Almost 1.5 million more people will be dragged into Higher Tax Bands by 2027-28, according to an FOI submitted to HMRC.

The tax authority forecasts that 1,130,000 more people will pay higher-rate tax, while 301,000 more people will become additional-rate taxpayers.

This is a consequence of Fiscal Drag and frozen tax allowances: the higher-rate tax band (levied at 40% on those with an income between £50,271 to £150,000) is frozen until 2027-28, as announced by Jeremy Hunt in last year’s Autumn Statement. 

Meanwhile, wage inflation is pushing workers’ salaries higher. It means a larger portion of people’s incomes will be taxed, and some will fall into higher tax brackets.
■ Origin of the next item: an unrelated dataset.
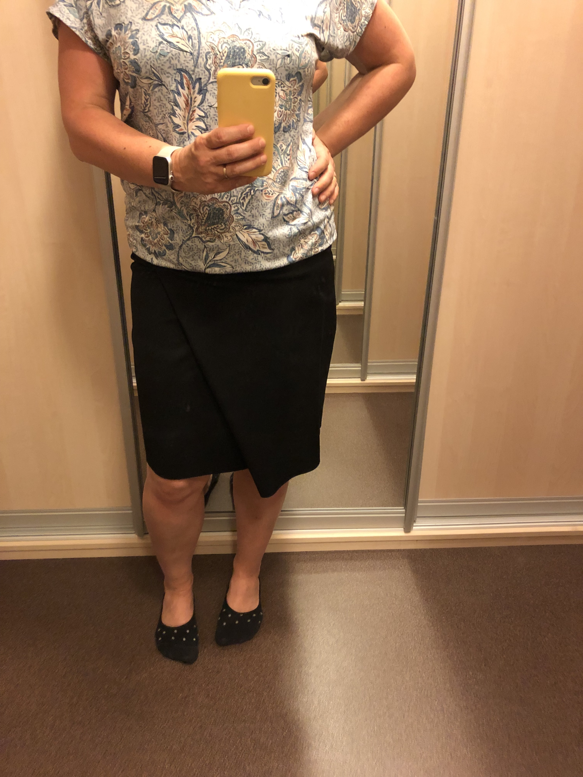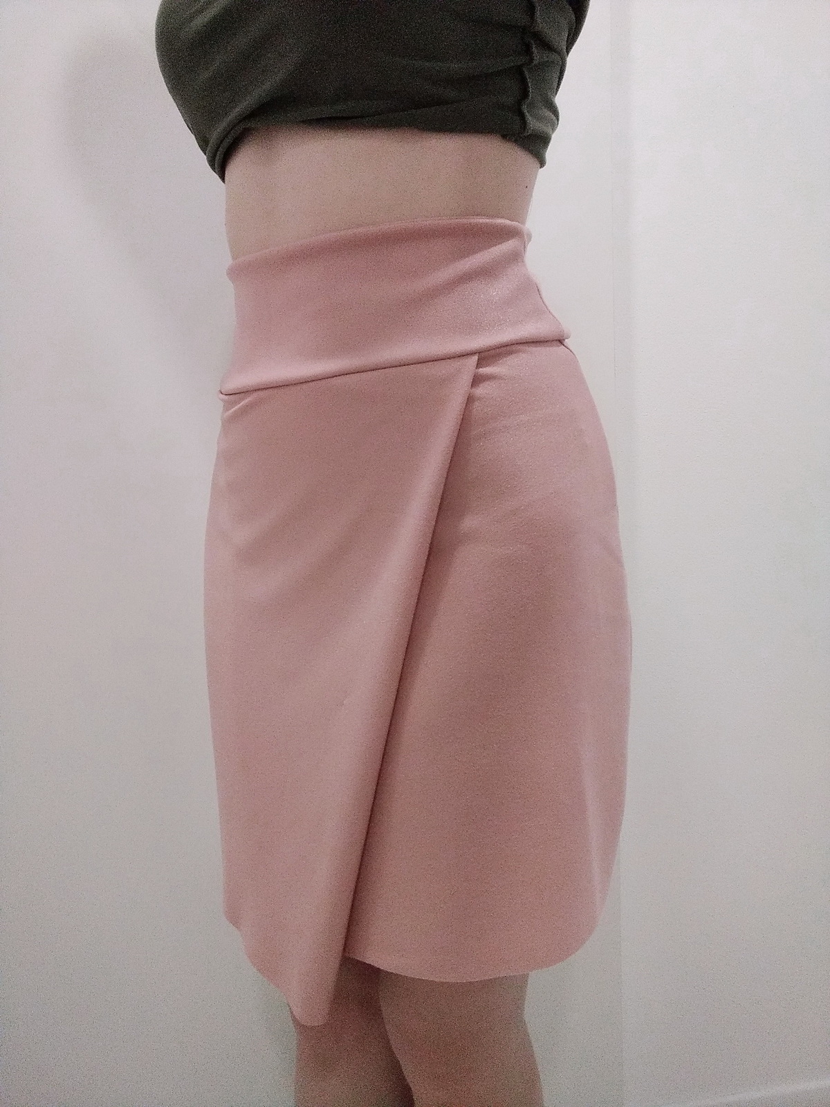 „Velká pochvala autorce Živých střihů, jak za střih, tak za video, šilo se parádně. Moje postava, v pase velikost 34, boky velikost 38, šila jsem tedy velikost 36, abych střih vyzkoušela. Proto mi sukně v pase odstává, ale pro příště vím, že nahoře uberu v horní polovině pásku, a dole krapet přidám... na délku jsem přidala 4 cm-z toho dva na zahnutí. Na fotce ještě nezapravená délka. Kolegyně v práci si sukni dnes adoptovala, sedí jí naprosto úžasně.“
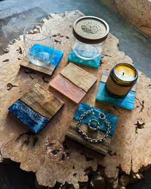 シェイパーが創り出す作品はひとつひとつ丁寧に手作業で仕上げます。樹脂の色や模様、木が持つ本来の特徴がそれぞれ異なるため、同じ作品は出来ません。

Rachael Griffin, tax and financial planning expert at Quilter, the wealth manager that submitted the FOI, said: “These figures illustrate HMRC is well aware of the power of fiscal drag and exactly how many people they expect to be dragged into paying more tax due to the frozen thresholds.

“Freezing income tax bands is a form of stealth tax as you’ll end up paying considerably more tax during the time bands are frozen, which will be on top of higher energy and food costs.”

The Treasury is already benefiting from the frozen tax allowances. Receipts from income tax and National Insurance payments for April to December 2022 reached £281.1 billion – an increase of £34.3 billion compared to the same period a year earlier.

What is fiscal drag?

Fiscal drag happens when the income level at which taxes start to be collected and the amount of income that can be earned tax-free fail to increase at the same rate as inflation or income growth.

Usually, tax bands increase with inflation. However, the chancellor froze the thresholds in his Autumn Statement. The personal tax allowance – the amount of income you can earn before you start paying income tax on it – will not increase in April; instead, it will remain at its 2022-23 level of £12,570. Hunt also cut the 45% additional-rate tax band from £150,000 to £125,140, which will come into effect in April.

These tax freezes and tax cuts coupled with big wage increases are pushing more and more people into higher tax bands. Last week, official figures revealed that wages have grown at their fastest rate since records began in 2001, with average pay rising by 6.4% between September and November compared with the same period in 2021.

Calculations by Quilter show that if wage growth averages 5% per year for the next four years but income tax thresholds remain frozen, then someone earning £50,000 today will be £2,643 worse off in the 2027-28 tax year, and in total be £6,463 poorer over the four-year period.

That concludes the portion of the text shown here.